Through Your Mobile or Tablet Device:

We also offer applications for your mobile or tablet Device. You are required to download and install the application on to your hardware. When you use the application, we will collect your Device information and a unique identifier for the purpose of providing you with the most up to date application and features. If you use our Services through our application component, we will track your actual location, by using GPS signals sent by your Device or by using sensor data from your Device. We will not share this information with third parties for any purpose and will only use this information for the sole purpose of fulfilling your request. If you desire to no longer allow our application to use your location, you must turn this off on your Device.

4. How Information is Used

We use personal and non-personal information (including Engagement Data) for the following purposes:

Operating, maintaining, managing and administering our Services, including processing registrations and payments, and providing customer support;

Responding to questions and communications, which we retain in the ordinary course of business;

Administrative announcements about features, functionality, terms or other aspects of our Services; and, if applicable, informing you about offers for services or products we believe may be of interest (for further information, see also “Service Emails and other Communications” below);

Safeguarding and protecting our Services, the information they safeguard, the rights of third parties and in response to legal process, in each case, as more fully described below in “The Importance of Protecting our Services and the Information they Safeguard;” and

Any other purpose described in this Policy or your Subscription Agreement.

We use non-personal information for the following purposes:

Auditing, research, measurement and analysis in order to maintain, administer, enhance and protect our Services, including analyzing usage trends and patterns and measuring the effectiveness of content, advertising, features or services;

Creating new features and services;

Health and medical research; public health and service activities; healthcare- and medical-related services; and

Other purposes described in this Policy or your Subscription Agreement.

We may also use non-personal information to prepare aggregate reports for current or future advertisers, sponsors or other partners to show trends about the general use of our Services. Such reports may include age, gender, geographic, demographic or other general user information, but do not include personal information.
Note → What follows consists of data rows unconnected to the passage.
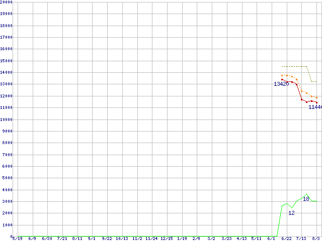 | Athlon X2 BE-2350 (2.1GHz,L2 512KB×2,TDP 45W)の価格推移 | | | (2006年5月19日~2007年8月3日) |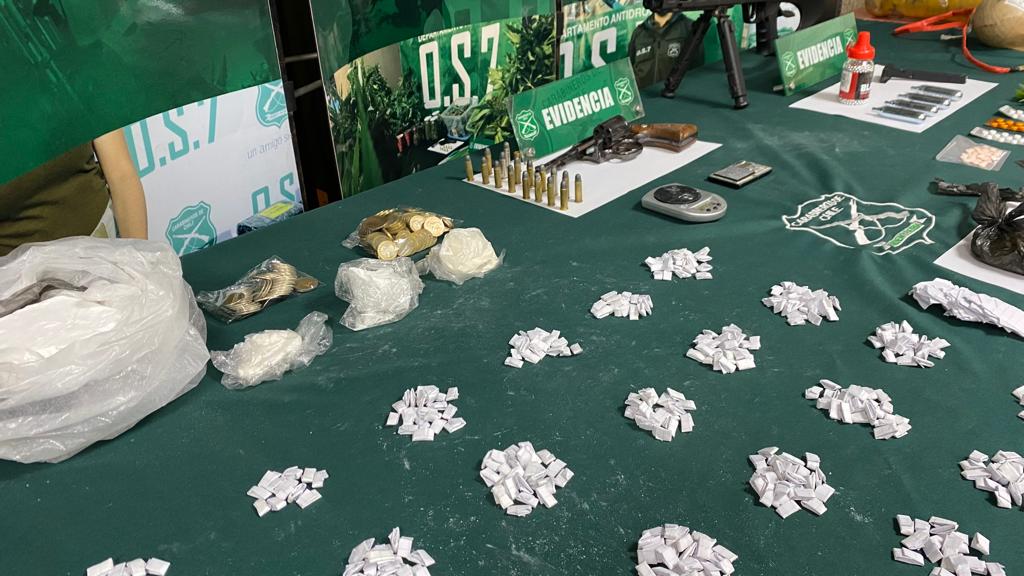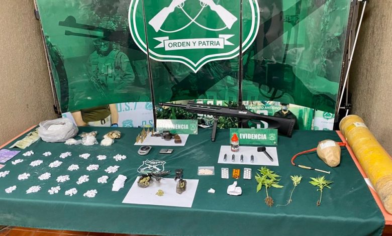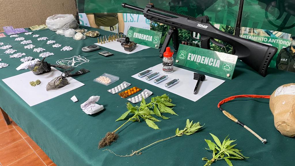 Además, se incautaron un revólver de fuego, un rifle de aire comprimido, fuego pirotécnico, pesas digitales y dinero en efectivo, entre otros elementos constitutivos de delito.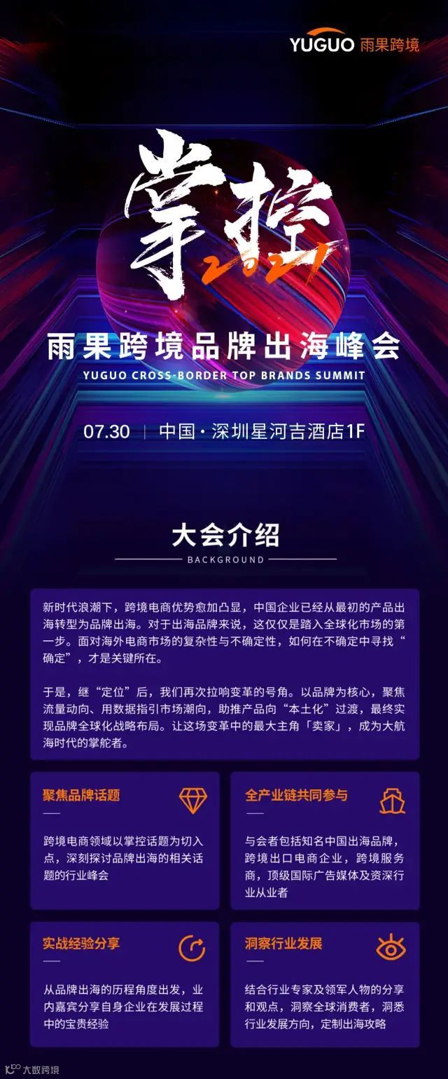 2021年7月30日,由雨果跨境主办的“掌控·2021雨果跨境品牌出海峰会”将在深圳星河吉酒店举行。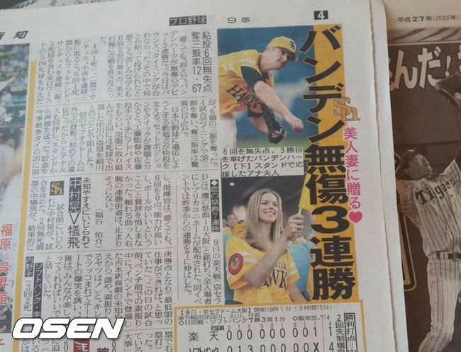 한편 그는 한국에서부터 예쁜 미모로 주목을 받았던 아내 애나 밴덴헐크로 인해 일본에서도 화제를 모으고 있다. '스포츠호치'는 10일 "소프트뱅크 밴덴헐크가 예쁜 아내의 응원에 힘입어 무패 행진을 달리고 있다"며 구장에서 응원 중인 애나와 밴덴헐크의 사진을 나란히 실어 보도했다.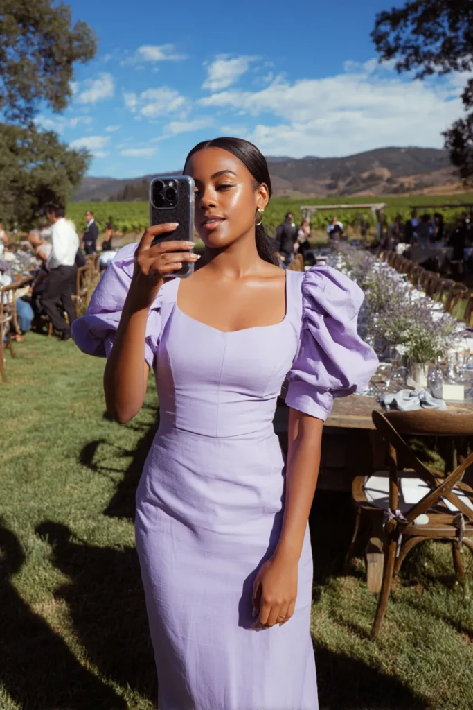 This look shows a soft lilac dress with structured puff sleeves and a fitted bodice that creates a really flattering silhouette. The neckline feels modern and feminine and the fabric looks smooth with just enough structure to hold its shape. Her hair is styled sleek and pulled back which lets the dress shine and the makeup is glowy and polished for a fresh outdoor wedding setting.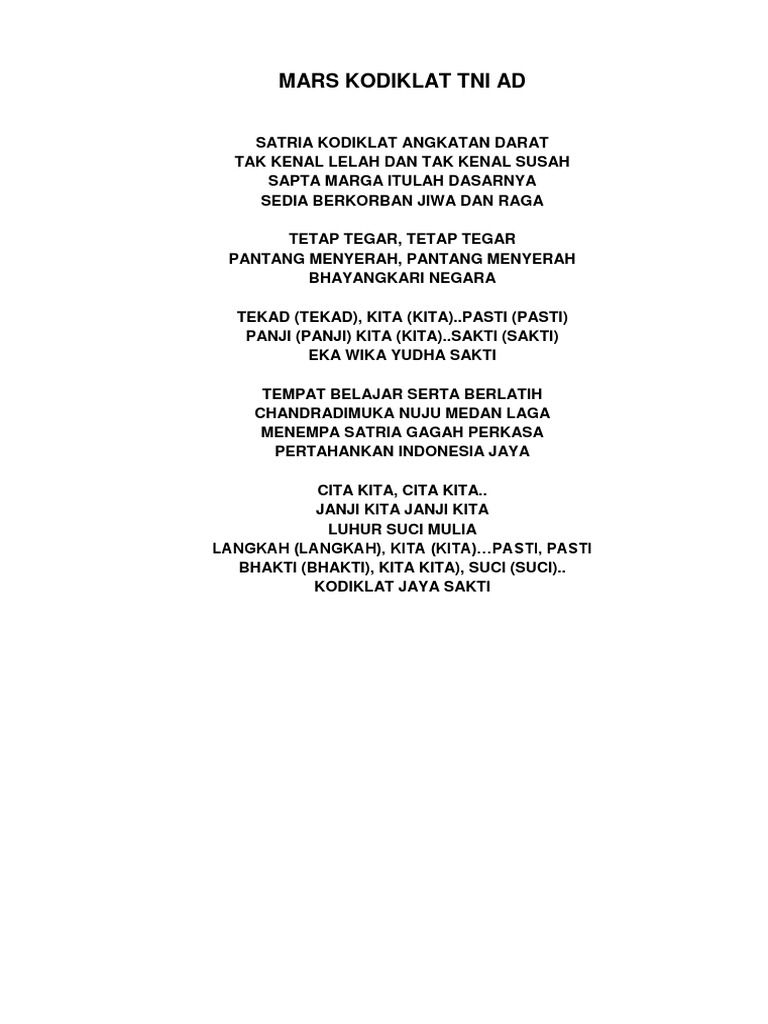 Hasian unang mura-mura ho muruk. Semoga lirik diatas dapat memudahkan teman-teman semua dalam menghafalkan Lirik Mars TNI AD Angkatan Darat. Sapta Marga tetaplah pedomannya.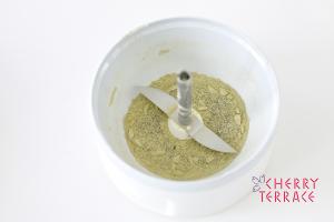 - パウダーディスクを外し、煮干しを加えて再び全体が細かくなるまで粉砕し、最後にへらで塩を混ぜ合わせる。

5. Consents and Authorizations:

From time to time, we may request your consent or authorization (your “consent”) in connection with the use or sharing of your information. In some instances, this will be because your Subscription Agreement, this Policy or applicable law or regulations requires us to obtain such consent. In other instances, such consent will be for informational purposes. In the latter case, the request to obtain your consent should not be interpreted as narrowing the scope or applicability of your Subscription Agreement or this Policy – by entering into your Subscription Agreement or using the applicable Services, you have accepted and agreed to our information handling practices in the manner described in your Subscription Agreement and this Policy.

In cases where you consent or “opt-in” to the use or sharing of your personal information in a manner that is not otherwise provided for in your Subscription Agreement or this Policy, unless otherwise explicitly stated in such consent, you will have the ability to rescind your consent and “opt-out” of our use or sharing of such information in the future. In that event, we will refrain from our use or sharing of such information, but we may not be able to require the removal of such information from the databases of the recipients with whom such information has been shared.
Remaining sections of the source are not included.